■ What the exercise asks ■
From the first line of the data through the line containing "F1 Vector. |", transcribe each line exactly. Pictures do not belong in the copy.

[Extracted records]

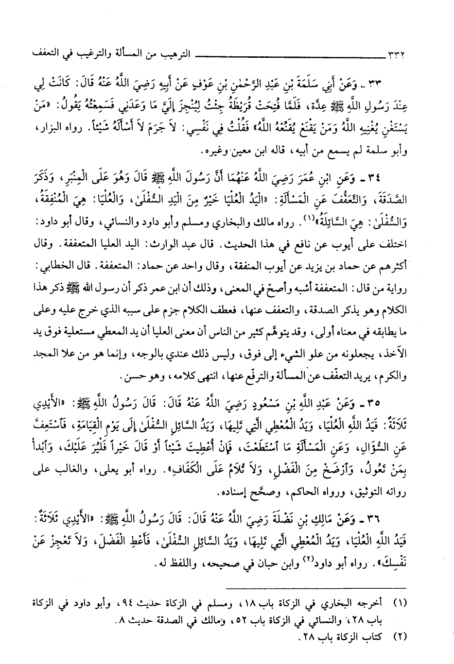1219 - وَعَن عبد الله بن مَسْعُود رَضِي الله عَنهُ قَالَ قَالَ رَسُول الله صلى الله عَلَيْهِ وَسلم الْأَيْدِي ثَلَاثَة فيد الله الْعليا وَيَد الْمُعْطِي الَّتِي تَلِيهَا وَيَد السَّائِل السُّفْلى إِلَى يَوْم الْقِيَامَة فاستعف عَن السُّؤَال وَعَن الْمَسْأَلَة مَا اسْتَطَعْت فَإِن أَعْطَيْت شَيْئا أَو قَالَ خيرا فلير عَلَيْك وابدأ بِمن تعول وارضخ من الْفضل وَلَا تلام على الكفاف
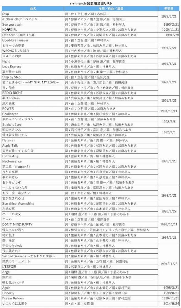 今井 永(のり)と今井 久(ひさ)の双子の姉妹からなるa・chi-a・chi(アチアチ)は老神温泉で有名な群馬県の沼田市の出身だ。1987年暮れと1988年正月明け、その沼田の温泉旅館に当時ビクター音楽産業(現・ビクターエンタテインメント)に所属していた金子秀昭氏が宿泊したことから、彼女たちのシンデレラストーリーが始まる。
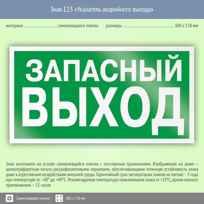 Знак E23 «Указатель запасного выхода» (устаревший) (пленка, 300х150 мм) в Улан-Удэ купить
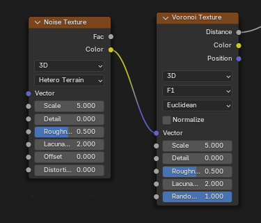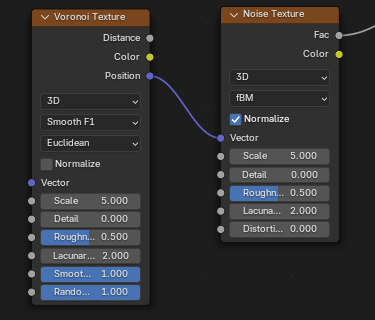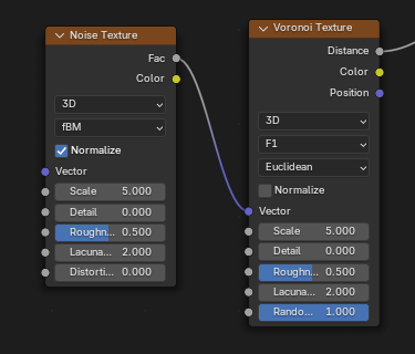![]() | ![]() | Noise Texture fBM Fac into Voronoi F1 Vector. |
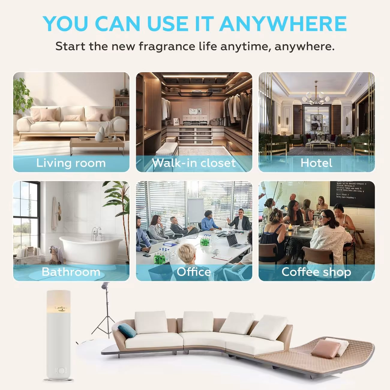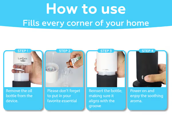 This home scent diffuser is suitable for the living room, bedroom, and other areas.
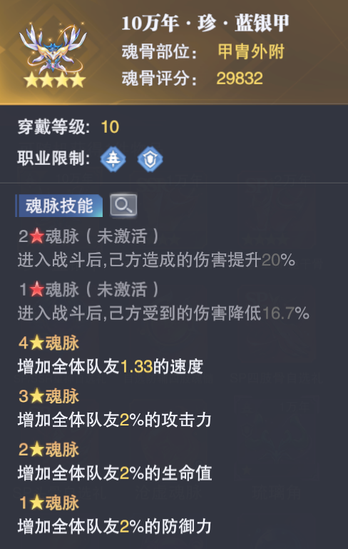 那么首先这个防辅系的甲胄外附魂骨,其特色和之恰的强攻、敏攻与控制系外附魂骨也比较类似,黄色1-4星分别是提升全队队友的防御、攻击、生命和速度,而关键则在于这个红色1星和红色2星的魂脉质变效果,其中红色1星为降低己方的受到伤害,而红色2星则是提升己方造成的伤害。
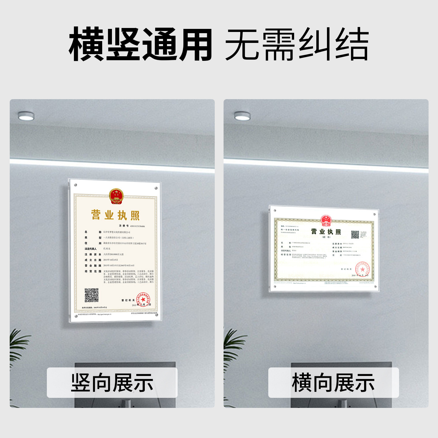 亚克力悬浮相框a4专利证书展示牌营业执照框架挂墙标识牌教师形象墙a3奖状荣誉证件书展示框广告海报框
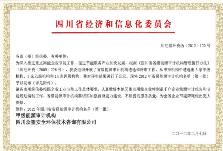 2012年,本公司由四川省經(jīng)濟(jì)和信息化委員會(huì)確定為甲級(jí)能源審計(jì)機(jī)構(gòu),在四川省內(nèi),各個(gè)行業(yè)的高能耗企業(yè)都屬于本公司的業(yè)務(wù)范圍?,F(xiàn)有注冊(cè)能源審計(jì)師10人,先后為100余家企業(yè)提供了專業(yè)的能源審計(jì)和節(jié)能規(guī)劃,為四川省節(jié)能降耗做出了相應(yīng)的貢獻(xiàn)。
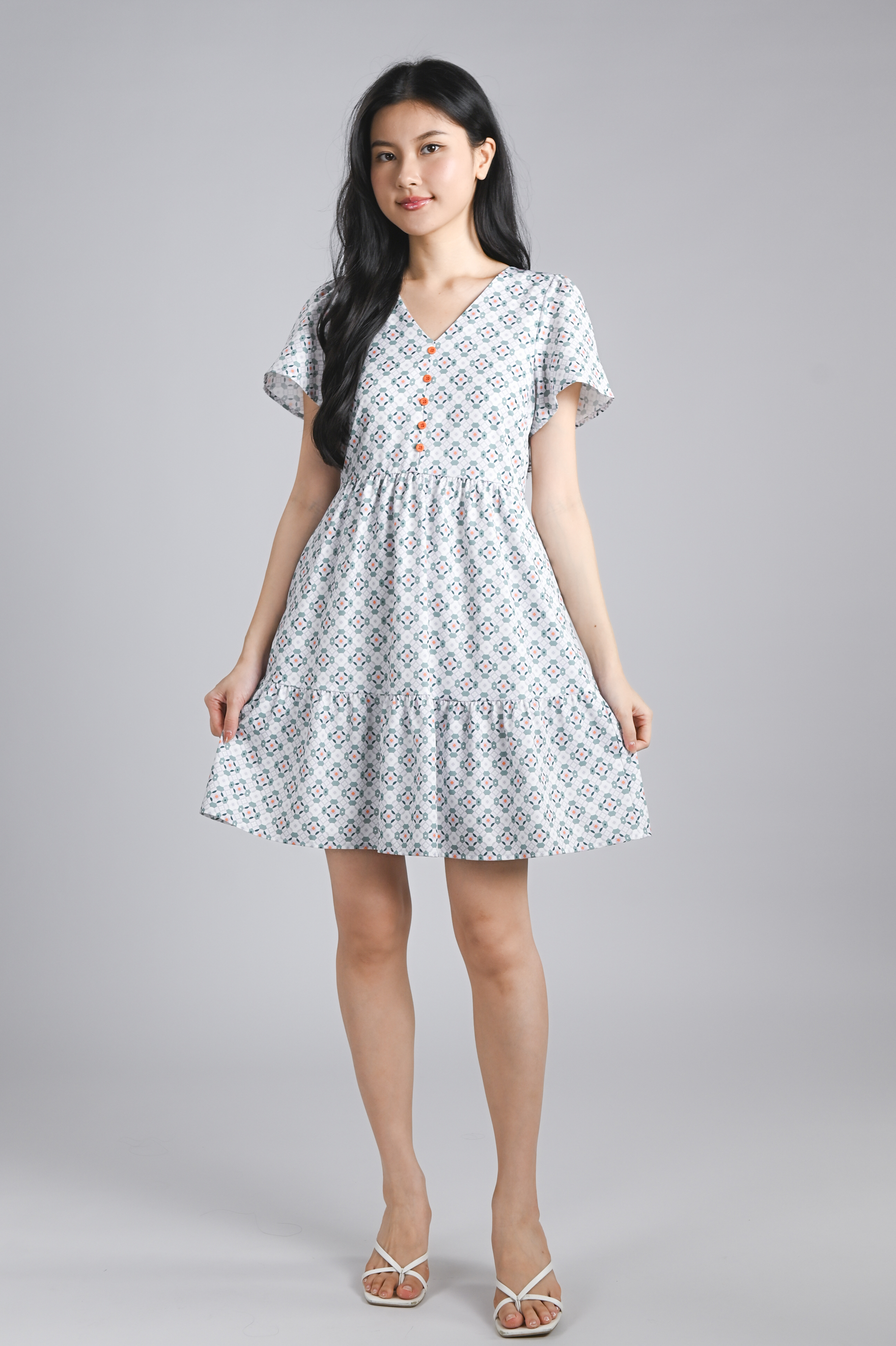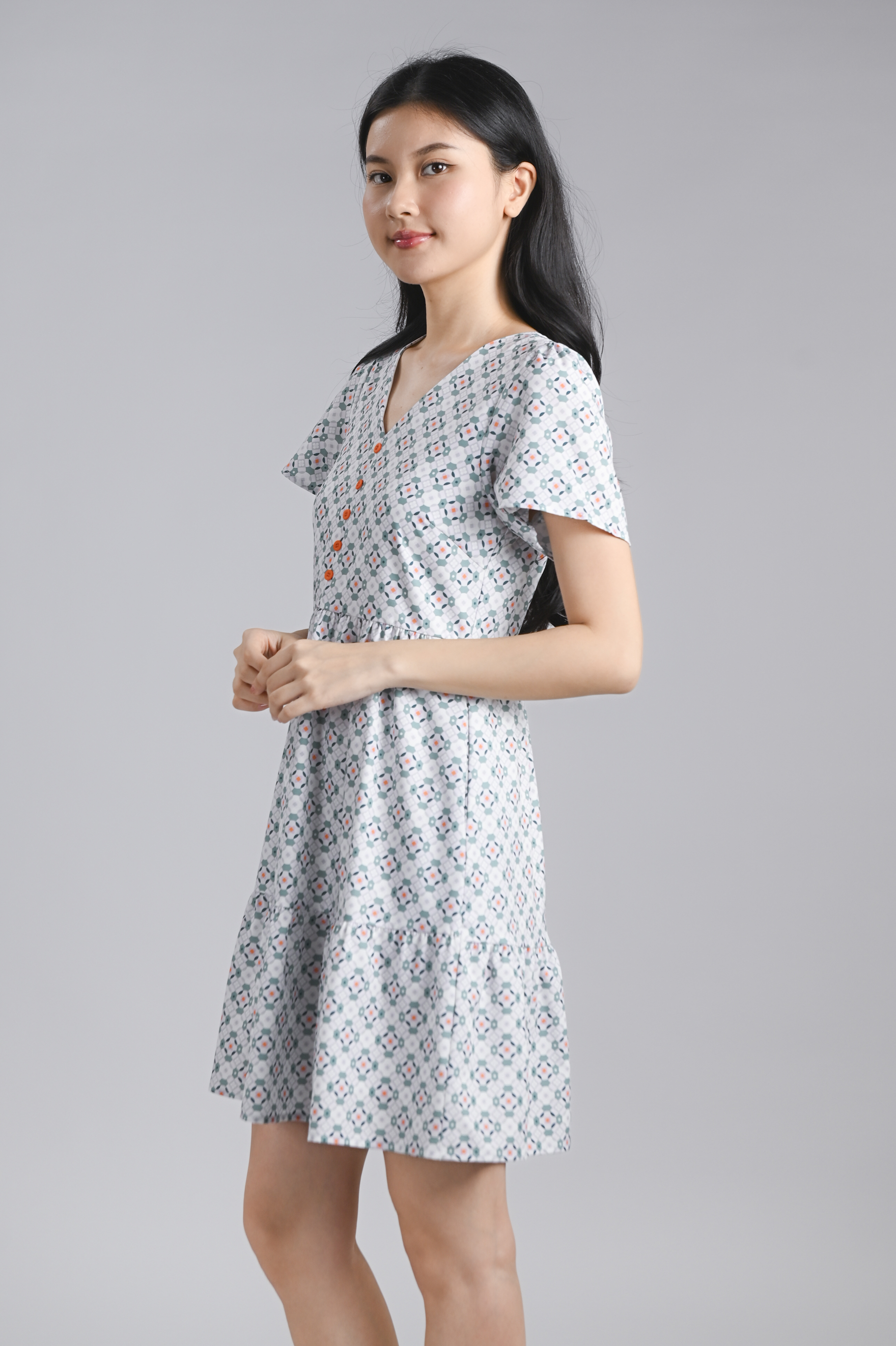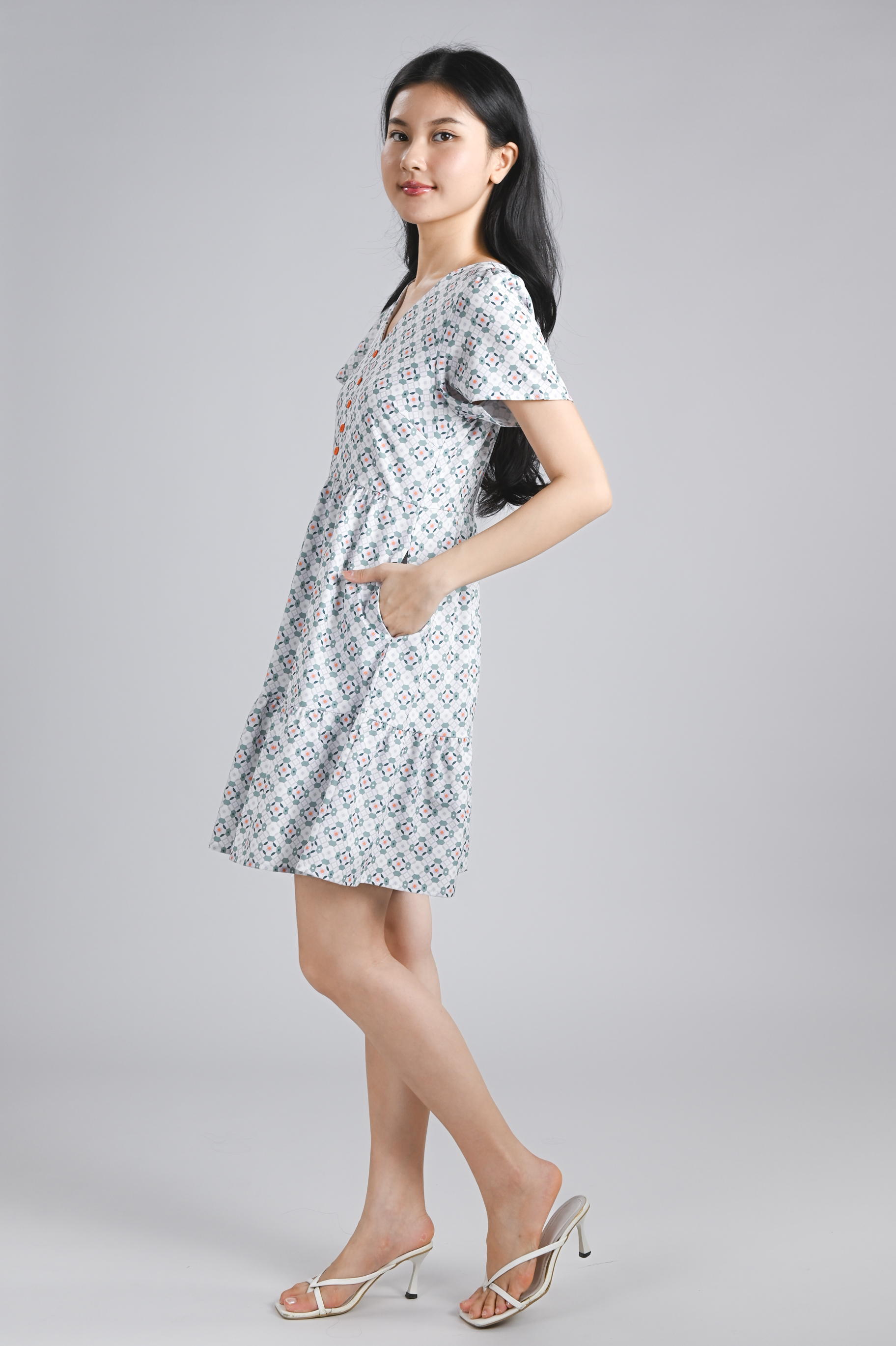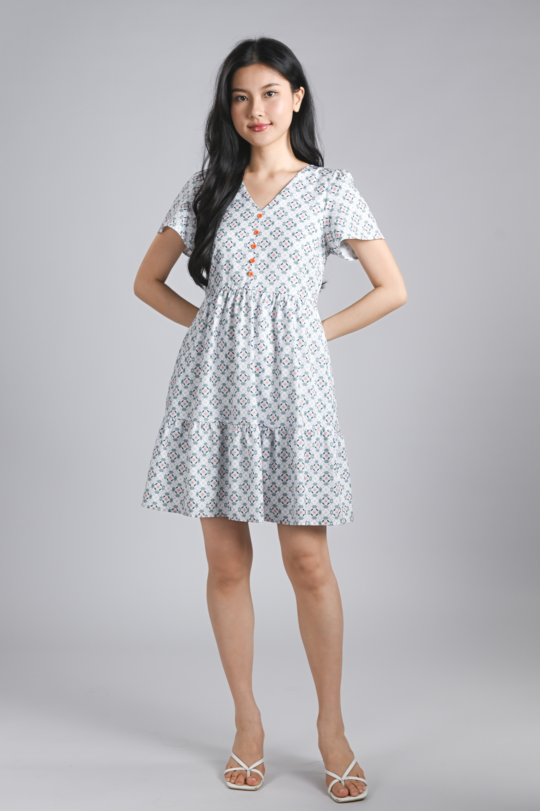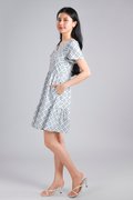 WHITE JADE SLEEVED BUTTON FLOUNCE DRESS

■ Solution below ■
1219 - وَعَن عبد الله بن مَسْعُود رَضِي الله عَنهُ قَالَ قَالَ رَسُول الله صلى الله عَلَيْهِ وَسلم الْأَيْدِي ثَلَاثَة فيد الله الْعليا وَيَد الْمُعْطِي الَّتِي تَلِيهَا وَيَد السَّائِل السُّفْلى إِلَى يَوْم الْقِيَامَة فاستعف عَن السُّؤَال وَعَن الْمَسْأَلَة مَا اسْتَطَعْت فَإِن أَعْطَيْت شَيْئا أَو قَالَ خيرا فلير عَلَيْك وابدأ بِمن تعول وارضخ من الْفضل وَلَا تلام على الكفاف
 今井 永(のり)と今井 久(ひさ)の双子の姉妹からなるa・chi-a・chi(アチアチ)は老神温泉で有名な群馬県の沼田市の出身だ。1987年暮れと1988年正月明け、その沼田の温泉旅館に当時ビクター音楽産業(現・ビクターエンタテインメント)に所属していた金子秀昭氏が宿泊したことから、彼女たちのシンデレラストーリーが始まる。
 Знак E23 «Указатель запасного выхода» (устаревший) (пленка, 300х150 мм) в Улан-Удэ купить
![]() | ![]() | Noise Texture fBM Fac into Voronoi F1 Vector. |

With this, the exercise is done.